Using that image and the following prompt on Gemini 2.0 Flash "please do ocr of the attached file and output ascii following the layout of the original as faithfully as possible" outputs something that isn't bad but not perfect:

  PI tno Name             Time            3.5 km   18 C   (cont.)
  MEN B (39)                                                  3(34)         4(52)         5(53)         6(54)         7(55)         
  8(40)         9(57)
                                                               12(60)        13(61)        14(62)        15(63)        16(47)        
  17(48)       18(100)
                                                  1(51)         2(33)
                                                  10(58)        11(59)

The first column is offset vertically which mixes up information and is wrong.

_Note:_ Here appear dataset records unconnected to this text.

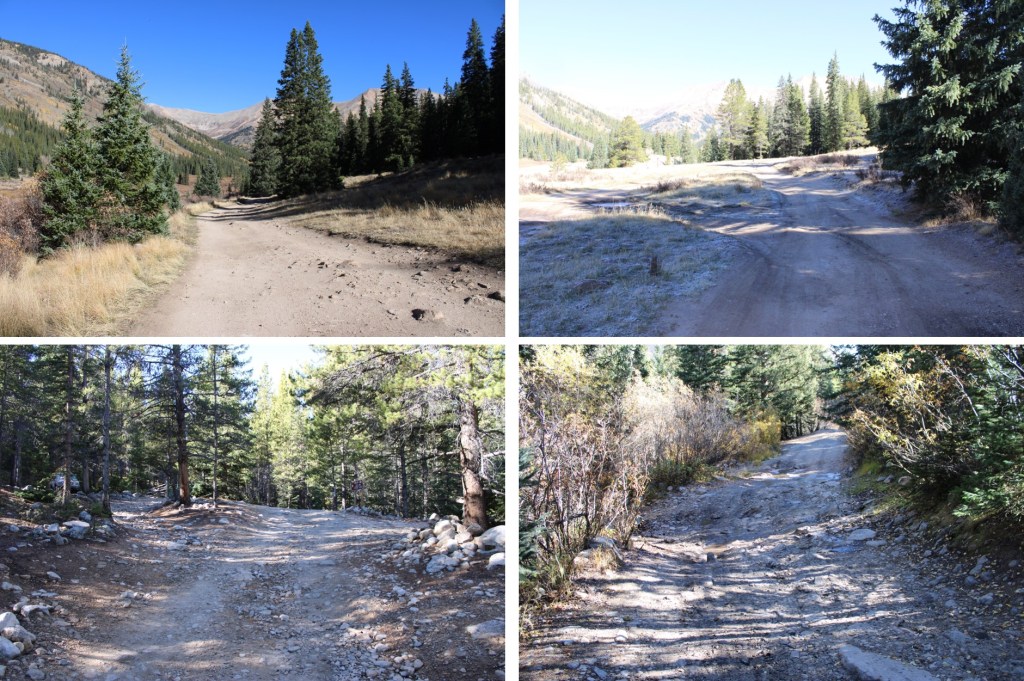 I woke up to a thick layer of frost because it was 27 degrees outside, and was on the trail at 6am.  I followed the 4WD road as it meandered south, past the Lulu Gulch trailhead and numerous dispersed campsites.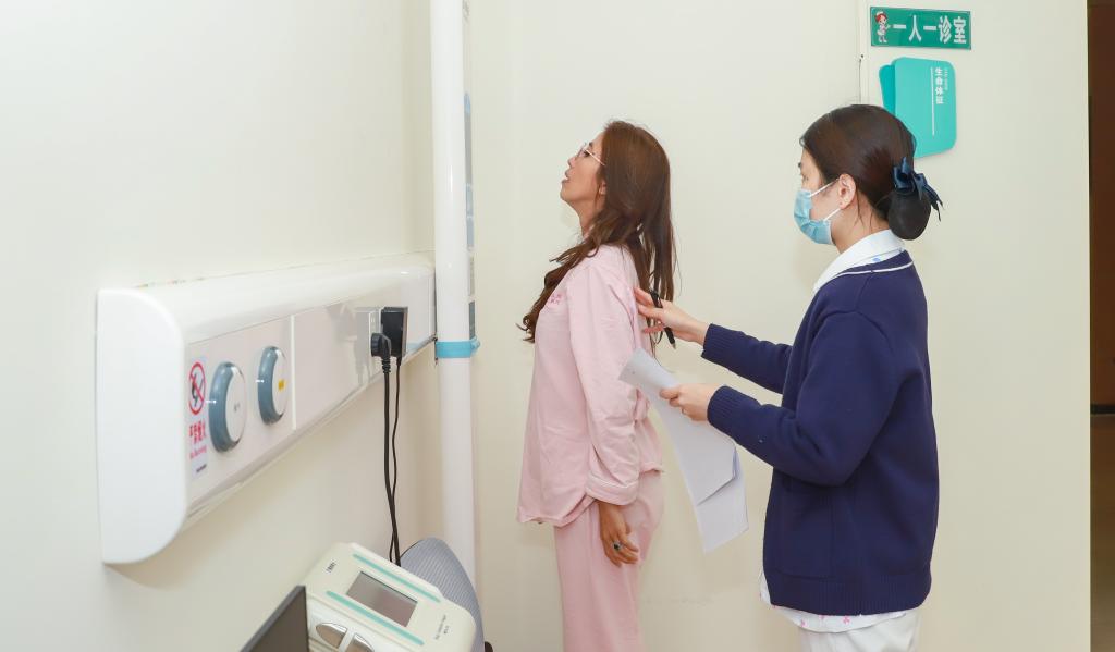 一名印尼游客(左)在海南博鳌乐城国际医疗旅游先行区接受健康体检(2024年12月25日摄)。新华社发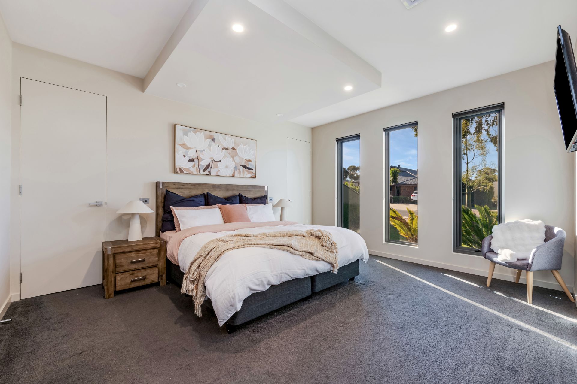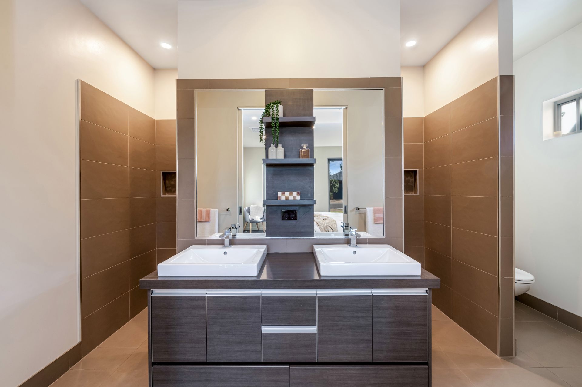 The oversized master suite across the hallway boasts a walk-through robe and a stylish ensuite with a walk-in double shower, twin vanity basins and a separate WC.

I'm building a traditional OCR pipeline (for which I'm looking for beta testers! ;-) and this is what it outputs:

  PI      tno Name                       Time
  
  MEN   B (39)                                                         3.5 km       18 C          (cont.)
                                                   1 (51)                  2 (33)                 3 (34)                  4 (52)                  5   (53)                  6 (54)                  7 (55)                  8 (40)                 9 (57)
                                                  10 (58)                 11 (59)                12 (60)                 13 (61)                 14 (62)                 15 (63)                16 (47)                 17 (48)                18 (100)
                                                  Finish
  
  13     425  Peter  Hodkinson          11:40       0:48   +0: 06 (21)      1:29  +0: 13 (28)      1:58   +0: 13 (24)      2:44   +0: 18 (23)      3:38   +0: 20 (19)     4:28    +0: 22 (18)     5:05   +0: 23 (17)      5:36   +0: 26 (17)      6:19   +0: 29 (19)
              Great  Britain                        0:48   +0: 06 (21)      0:41  +0: 09 (30)      0:29   +0: 01 (4)       0:46   +0: 07 (22)      0:54   +0: 02 (5)      0:50    +0: 03 (7)      0:37   +0: 02 (10)      0:31   +0: 03 (11)      0:43   +0: 05 (20)
                                                    6:47   +0: 28 (17)     7:02   +0: 29 (17)      8:21   +0: 38 (16)      8:41   +0: 39 (16)      9:00   +0: 41 (16)     9:13    +0: 42 (16)     9:43   +0: 42 (16)     10:36   +0: 43 (14)     11:32   +0: 41 (13)
                                                    0:28   +0: 02 (8)      0:15   +0: 01 (4)       1:19   +0: 11 (16)      0:20   +0: 03 (15)      0:19   +0: 02 (4)      0:13   +0: 02 (11)      0:30   +0: 01 (2)       0:53   +0: 01 (3)       0:56    0:00  (1)
                                                   11:40   +0: 40 (13)
                                                    0:08   +0: 00 (8)

(edit: line wrap messes it all up... still I think my version is better ;-)

jeswin 5 months ago

I usually say something like: ".. output it as hierarchical json". For better accuracy, we can run the output through another model.
Again, that image is fuzzy. If the argument is that these generic models don't work well with scans or handwritten content, I can perhaps agree with that. But that's a much smaller subset of PDFs.